### Supplied data
::::

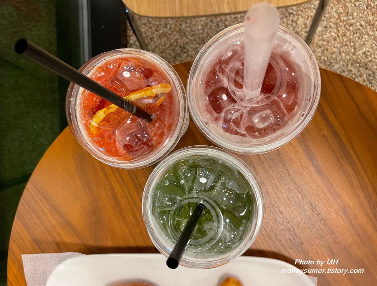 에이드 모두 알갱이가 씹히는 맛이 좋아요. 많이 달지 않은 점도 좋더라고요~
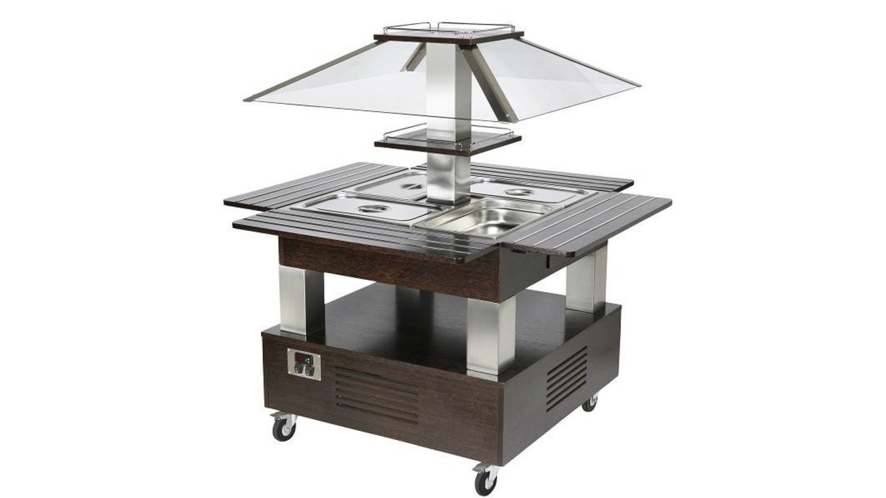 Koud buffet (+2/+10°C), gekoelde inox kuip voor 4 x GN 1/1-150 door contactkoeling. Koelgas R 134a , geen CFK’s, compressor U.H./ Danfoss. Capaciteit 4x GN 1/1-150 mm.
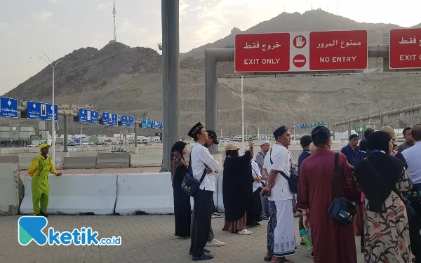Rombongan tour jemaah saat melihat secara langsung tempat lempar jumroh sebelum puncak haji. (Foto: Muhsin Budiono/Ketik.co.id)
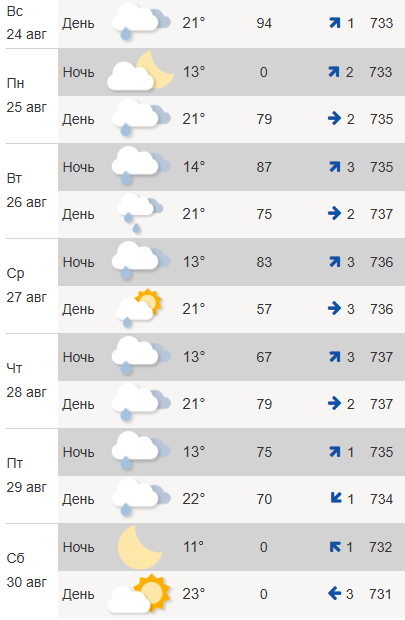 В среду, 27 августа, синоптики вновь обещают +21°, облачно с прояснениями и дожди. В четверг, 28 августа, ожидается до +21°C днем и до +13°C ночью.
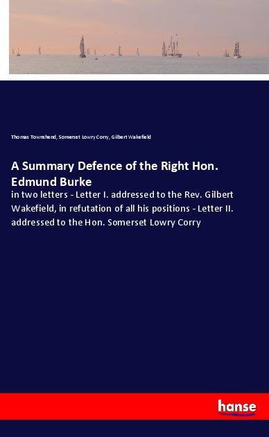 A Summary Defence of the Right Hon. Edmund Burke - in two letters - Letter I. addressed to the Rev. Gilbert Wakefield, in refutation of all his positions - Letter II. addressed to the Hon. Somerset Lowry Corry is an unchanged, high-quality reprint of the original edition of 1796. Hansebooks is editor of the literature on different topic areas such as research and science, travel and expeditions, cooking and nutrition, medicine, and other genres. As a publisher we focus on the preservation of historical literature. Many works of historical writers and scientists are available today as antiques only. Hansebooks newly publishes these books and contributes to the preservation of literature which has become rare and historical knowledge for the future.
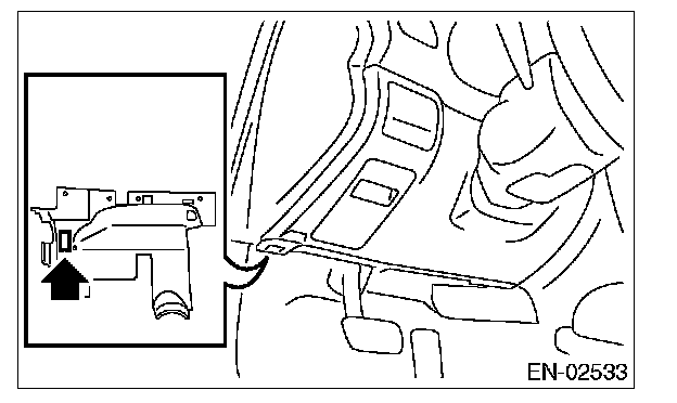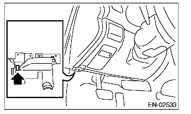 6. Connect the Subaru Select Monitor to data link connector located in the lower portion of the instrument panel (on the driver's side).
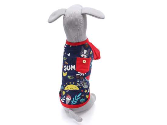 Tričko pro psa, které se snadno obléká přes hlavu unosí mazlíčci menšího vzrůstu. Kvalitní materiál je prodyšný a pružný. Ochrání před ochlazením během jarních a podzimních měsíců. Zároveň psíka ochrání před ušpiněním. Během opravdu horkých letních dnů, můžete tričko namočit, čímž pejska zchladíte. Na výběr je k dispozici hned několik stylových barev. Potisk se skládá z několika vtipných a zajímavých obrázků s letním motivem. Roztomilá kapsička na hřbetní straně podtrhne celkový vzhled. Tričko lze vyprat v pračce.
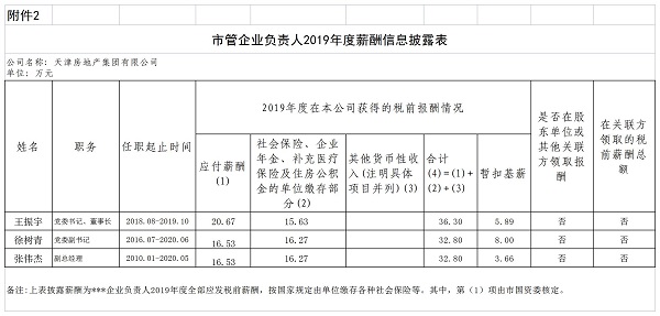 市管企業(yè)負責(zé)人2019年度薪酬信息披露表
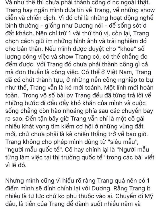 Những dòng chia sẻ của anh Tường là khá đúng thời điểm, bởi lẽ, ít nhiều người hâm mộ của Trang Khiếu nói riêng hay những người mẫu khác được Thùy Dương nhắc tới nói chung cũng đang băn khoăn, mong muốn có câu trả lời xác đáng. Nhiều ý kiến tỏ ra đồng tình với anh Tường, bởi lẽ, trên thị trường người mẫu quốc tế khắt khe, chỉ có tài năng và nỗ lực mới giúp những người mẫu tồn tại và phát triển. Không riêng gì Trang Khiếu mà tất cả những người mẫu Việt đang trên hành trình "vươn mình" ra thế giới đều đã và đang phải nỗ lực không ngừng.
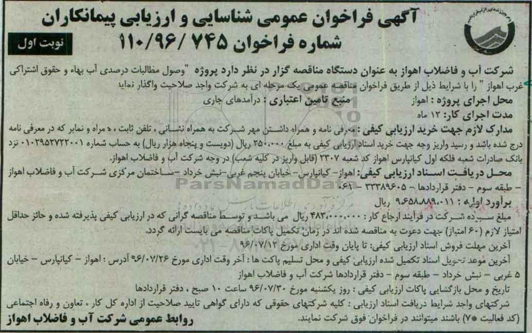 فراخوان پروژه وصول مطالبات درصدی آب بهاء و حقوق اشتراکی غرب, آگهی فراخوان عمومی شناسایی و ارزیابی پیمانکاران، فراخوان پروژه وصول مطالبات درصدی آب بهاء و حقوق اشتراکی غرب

::::

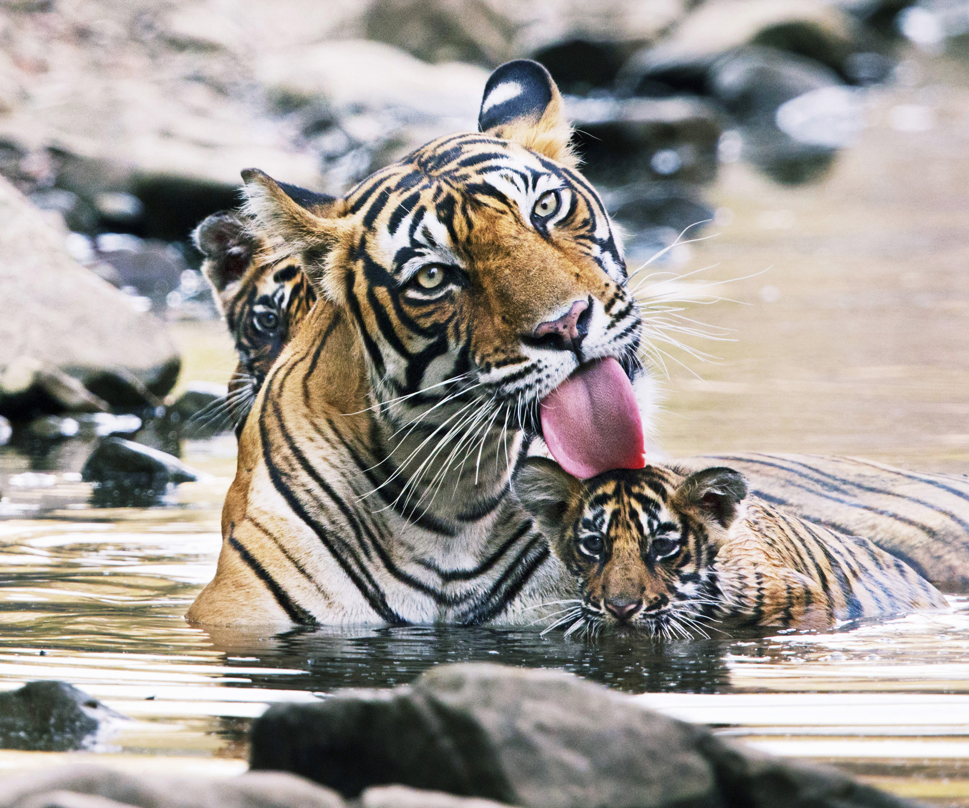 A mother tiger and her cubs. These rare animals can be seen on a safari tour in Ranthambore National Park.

::::

### Work to be completed
The answer is those lines of the material above that run from the one containing "에이드 모두 알갱이가 씹히는 맛이 좋아요. 많이 달지 않은 점도 좋더라고요~" up to and including the one containing "В среду, 27", restated exactly and without images.

### Solved exercise
 에이드 모두 알갱이가 씹히는 맛이 좋아요. 많이 달지 않은 점도 좋더라고요~
 Koud buffet (+2/+10°C), gekoelde inox kuip voor 4 x GN 1/1-150 door contactkoeling. Koelgas R 134a , geen CFK’s, compressor U.H./ Danfoss. Capaciteit 4x GN 1/1-150 mm.
Rombongan tour jemaah saat melihat secara langsung tempat lempar jumroh sebelum puncak haji. (Foto: Muhsin Budiono/Ketik.co.id)
 В среду, 27 августа, синоптики вновь обещают +21°, облачно с прояснениями и дожди. В четверг, 28 августа, ожидается до +21°C днем и до +13°C ночью.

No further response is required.